DATA LISTING:

BEGIN

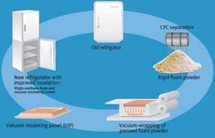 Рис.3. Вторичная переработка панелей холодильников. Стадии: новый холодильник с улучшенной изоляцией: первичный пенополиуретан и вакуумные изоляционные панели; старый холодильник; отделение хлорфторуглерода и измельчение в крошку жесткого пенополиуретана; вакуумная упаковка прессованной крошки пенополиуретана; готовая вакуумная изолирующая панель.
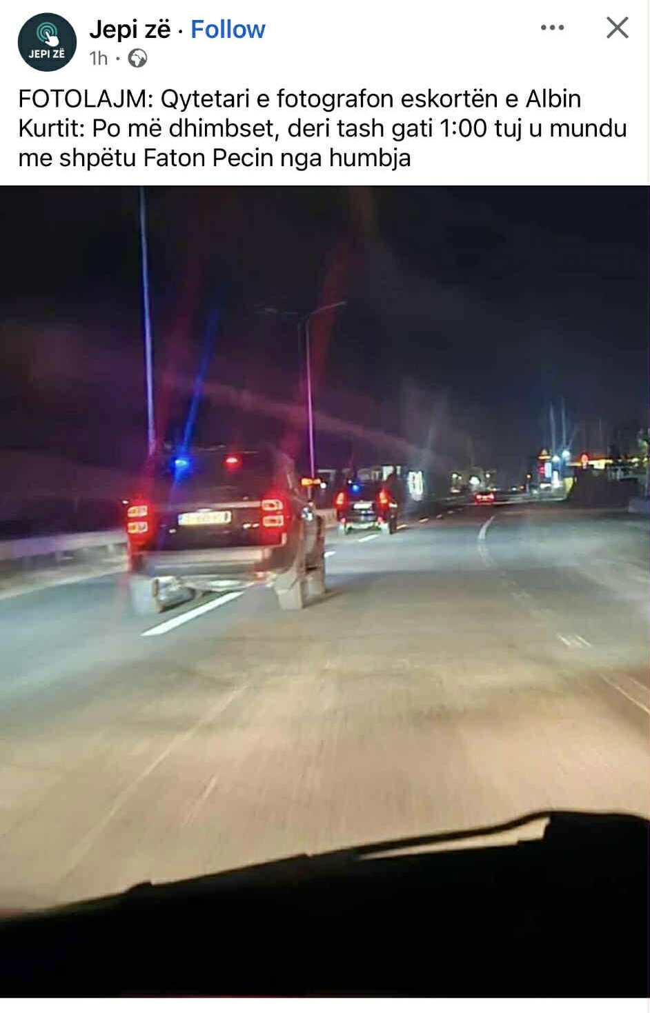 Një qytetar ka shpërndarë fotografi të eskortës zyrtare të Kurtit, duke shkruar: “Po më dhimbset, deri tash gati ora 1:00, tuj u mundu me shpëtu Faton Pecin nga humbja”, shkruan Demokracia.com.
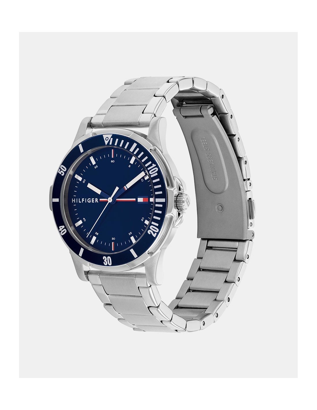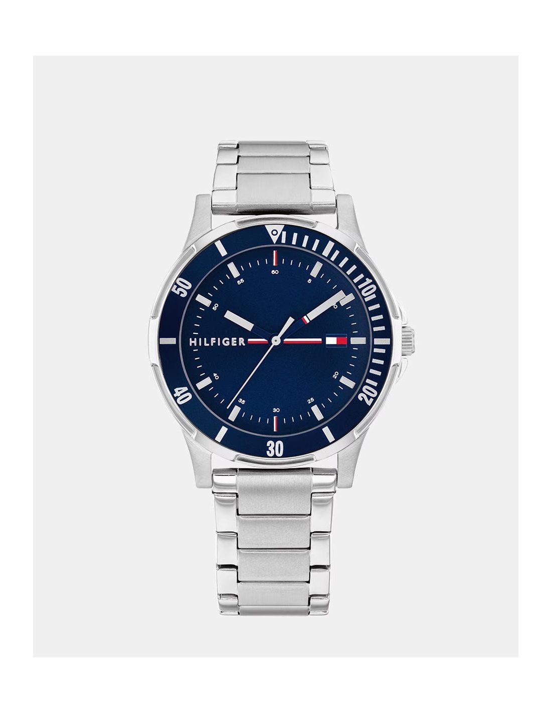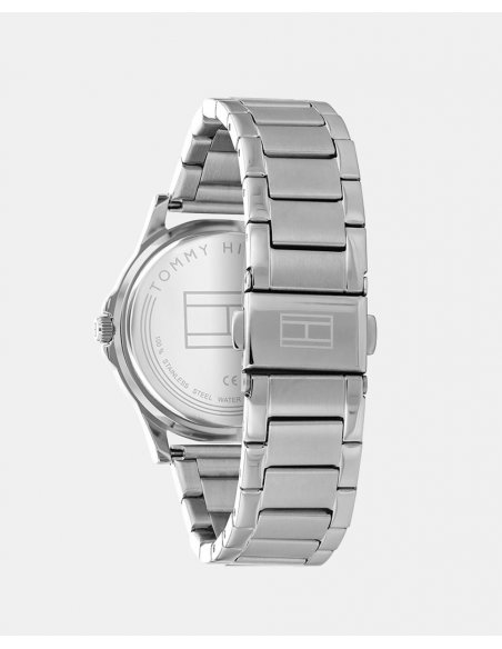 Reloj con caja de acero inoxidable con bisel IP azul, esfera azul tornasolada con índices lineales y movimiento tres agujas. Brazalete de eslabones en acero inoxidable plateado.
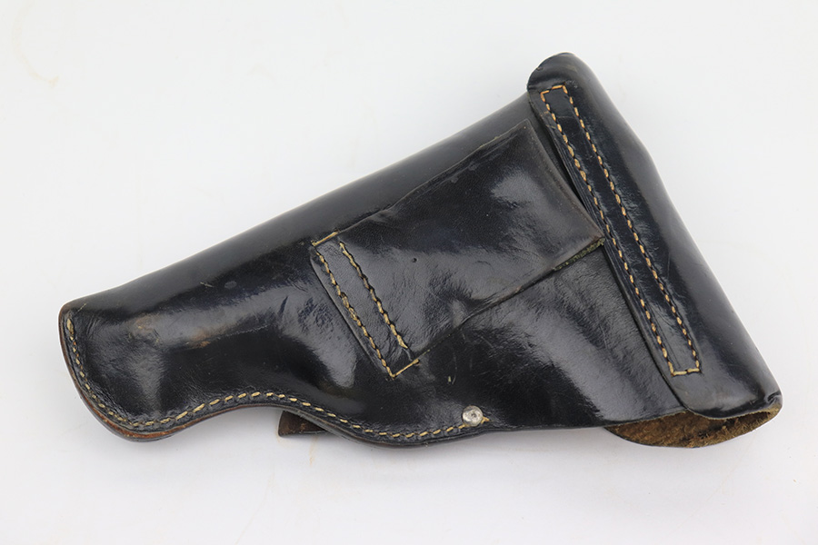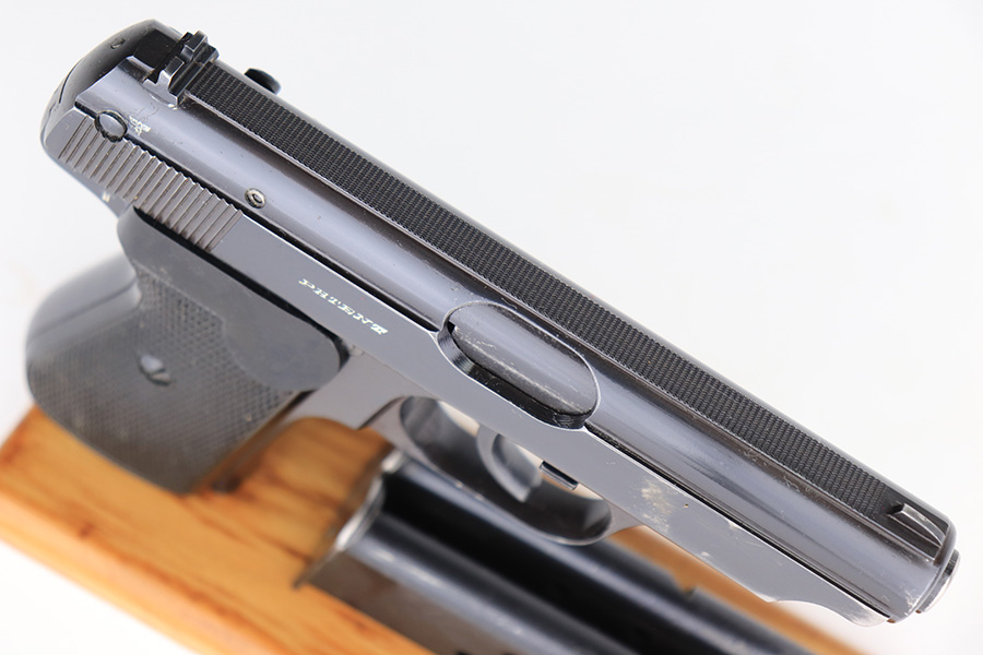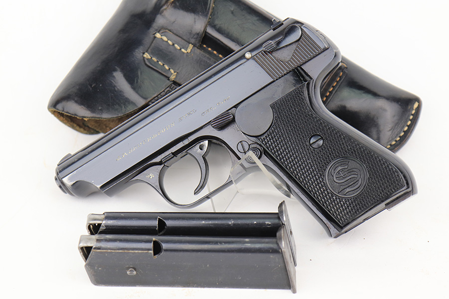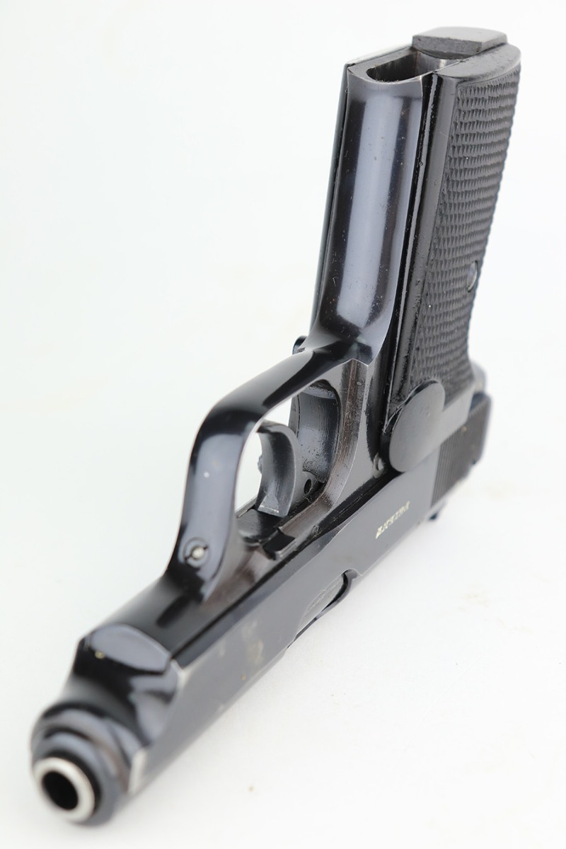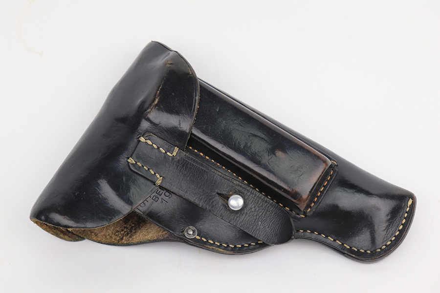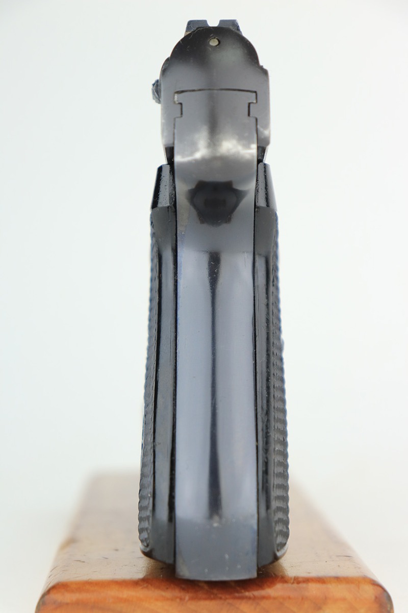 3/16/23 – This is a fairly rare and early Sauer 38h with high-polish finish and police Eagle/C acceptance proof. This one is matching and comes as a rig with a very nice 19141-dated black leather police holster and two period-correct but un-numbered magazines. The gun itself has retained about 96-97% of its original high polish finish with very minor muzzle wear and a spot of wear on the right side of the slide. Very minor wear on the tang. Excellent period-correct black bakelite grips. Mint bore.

END
BEGIN

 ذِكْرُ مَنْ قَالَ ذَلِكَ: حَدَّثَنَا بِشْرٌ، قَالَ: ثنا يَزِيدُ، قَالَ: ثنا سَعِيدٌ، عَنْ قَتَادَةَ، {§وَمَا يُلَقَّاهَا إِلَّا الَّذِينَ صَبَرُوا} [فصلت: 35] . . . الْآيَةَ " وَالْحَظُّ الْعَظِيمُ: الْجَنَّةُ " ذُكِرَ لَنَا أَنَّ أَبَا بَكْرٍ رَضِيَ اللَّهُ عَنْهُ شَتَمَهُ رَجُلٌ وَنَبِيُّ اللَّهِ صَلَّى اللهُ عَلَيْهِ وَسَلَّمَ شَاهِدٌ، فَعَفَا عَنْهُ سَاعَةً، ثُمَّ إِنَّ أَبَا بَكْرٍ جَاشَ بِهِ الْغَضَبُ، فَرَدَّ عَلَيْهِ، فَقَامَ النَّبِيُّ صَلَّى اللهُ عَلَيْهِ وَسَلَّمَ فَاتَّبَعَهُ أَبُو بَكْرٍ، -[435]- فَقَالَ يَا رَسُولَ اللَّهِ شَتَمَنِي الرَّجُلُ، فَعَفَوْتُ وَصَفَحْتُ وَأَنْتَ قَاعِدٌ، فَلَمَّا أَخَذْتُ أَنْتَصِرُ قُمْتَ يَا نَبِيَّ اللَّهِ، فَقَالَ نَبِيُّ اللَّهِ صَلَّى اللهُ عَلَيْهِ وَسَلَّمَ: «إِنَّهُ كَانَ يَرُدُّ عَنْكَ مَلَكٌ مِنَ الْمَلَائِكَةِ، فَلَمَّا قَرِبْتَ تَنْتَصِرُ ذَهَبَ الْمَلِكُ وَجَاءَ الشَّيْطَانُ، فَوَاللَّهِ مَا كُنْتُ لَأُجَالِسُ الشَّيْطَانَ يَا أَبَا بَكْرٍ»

END

PROBLEM STATEMENT: In the records above, find the line containing "Një qytetar ka" and the line containing "Reloj con caja", then give both of them again word for word along with every line between. Omit any pictures.

ANSWER TO THIS EXERCISE:
 Një qytetar ka shpërndarë fotografi të eskortës zyrtare të Kurtit, duke shkruar: “Po më dhimbset, deri tash gati ora 1:00, tuj u mundu me shpëtu Faton Pecin nga humbja”, shkruan Demokracia.com.
 Reloj con caja de acero inoxidable con bisel IP azul, esfera azul tornasolada con índices lineales y movimiento tres agujas. Brazalete de eslabones en acero inoxidable plateado.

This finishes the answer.